Exercise details:
The reply is to be an exact repetition of the entries that follow, with each picture left out.

-------- Extracted data

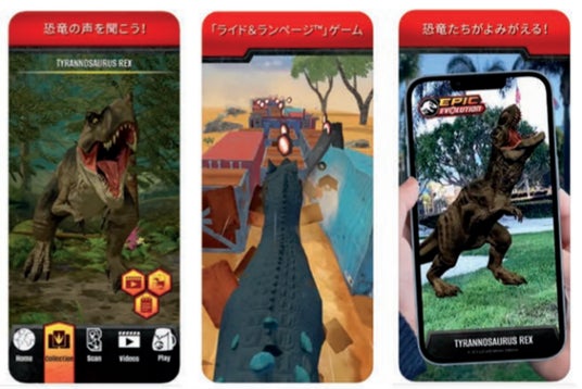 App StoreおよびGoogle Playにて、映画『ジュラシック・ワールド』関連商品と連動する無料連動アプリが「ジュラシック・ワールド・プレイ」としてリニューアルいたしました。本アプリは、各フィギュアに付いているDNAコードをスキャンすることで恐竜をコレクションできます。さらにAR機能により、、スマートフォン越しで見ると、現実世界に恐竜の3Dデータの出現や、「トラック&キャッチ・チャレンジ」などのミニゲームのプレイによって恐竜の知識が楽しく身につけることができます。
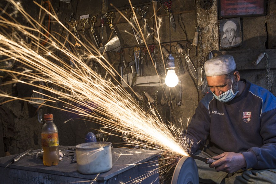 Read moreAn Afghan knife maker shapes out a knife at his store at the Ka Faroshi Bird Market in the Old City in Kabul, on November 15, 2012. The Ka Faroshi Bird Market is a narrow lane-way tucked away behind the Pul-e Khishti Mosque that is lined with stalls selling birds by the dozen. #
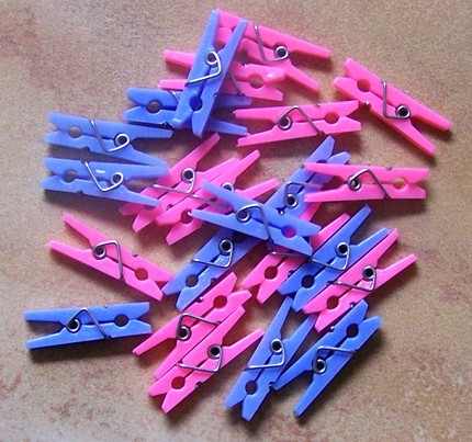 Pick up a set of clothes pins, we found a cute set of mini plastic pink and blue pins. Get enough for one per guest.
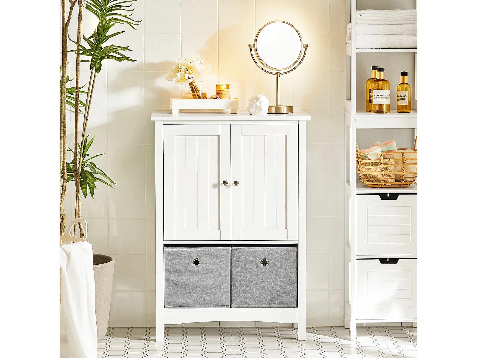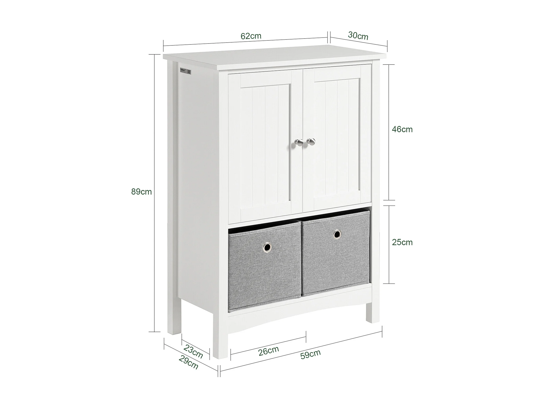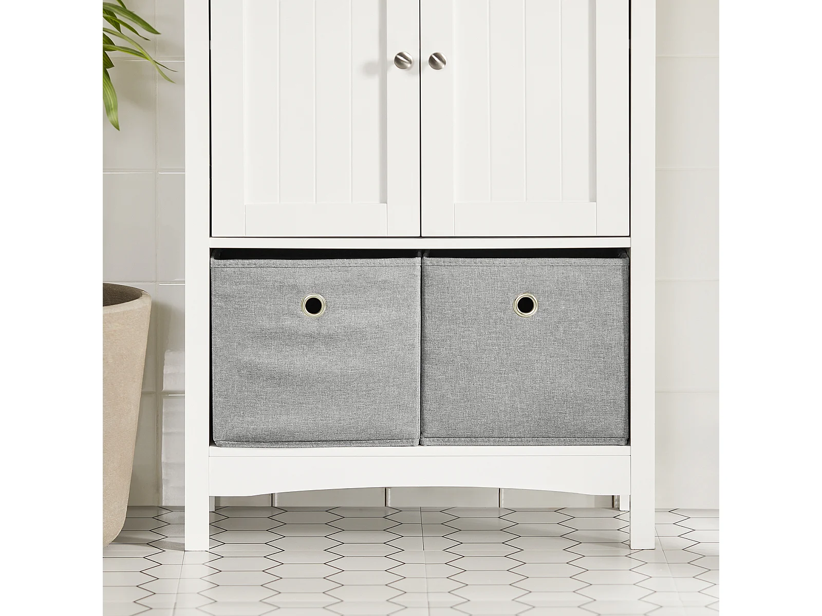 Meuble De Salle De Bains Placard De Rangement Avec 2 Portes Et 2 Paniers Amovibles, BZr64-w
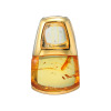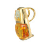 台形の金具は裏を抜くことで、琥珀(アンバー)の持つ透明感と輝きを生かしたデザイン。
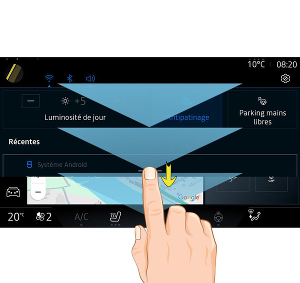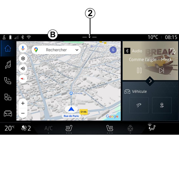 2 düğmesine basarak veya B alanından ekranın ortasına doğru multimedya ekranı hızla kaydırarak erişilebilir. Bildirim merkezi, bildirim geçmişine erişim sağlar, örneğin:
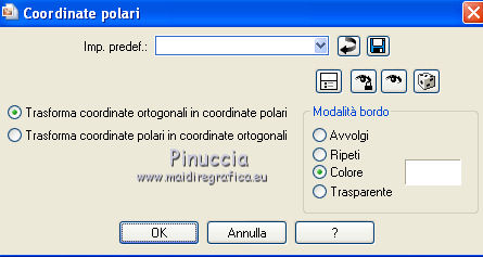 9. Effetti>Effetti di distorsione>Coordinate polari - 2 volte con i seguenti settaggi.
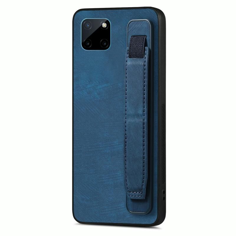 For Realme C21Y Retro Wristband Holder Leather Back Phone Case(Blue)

----------------

Task solution:
 App StoreおよびGoogle Playにて、映画『ジュラシック・ワールド』関連商品と連動する無料連動アプリが「ジュラシック・ワールド・プレイ」としてリニューアルいたしました。本アプリは、各フィギュアに付いているDNAコードをスキャンすることで恐竜をコレクションできます。さらにAR機能により、、スマートフォン越しで見ると、現実世界に恐竜の3Dデータの出現や、「トラック&キャッチ・チャレンジ」などのミニゲームのプレイによって恐竜の知識が楽しく身につけることができます。
 Read moreAn Afghan knife maker shapes out a knife at his store at the Ka Faroshi Bird Market in the Old City in Kabul, on November 15, 2012. The Ka Faroshi Bird Market is a narrow lane-way tucked away behind the Pul-e Khishti Mosque that is lined with stalls selling birds by the dozen. #
 Pick up a set of clothes pins, we found a cute set of mini plastic pink and blue pins. Get enough for one per guest.
 Meuble De Salle De Bains Placard De Rangement Avec 2 Portes Et 2 Paniers Amovibles, BZr64-w
 台形の金具は裏を抜くことで、琥珀(アンバー)の持つ透明感と輝きを生かしたデザイン。
 2 düğmesine basarak veya B alanından ekranın ortasına doğru multimedya ekranı hızla kaydırarak erişilebilir. Bildirim merkezi, bildirim geçmişine erişim sağlar, örneğin:
 9. Effetti>Effetti di distorsione>Coordinate polari - 2 volte con i seguenti settaggi.
 For Realme C21Y Retro Wristband Holder Leather Back Phone Case(Blue)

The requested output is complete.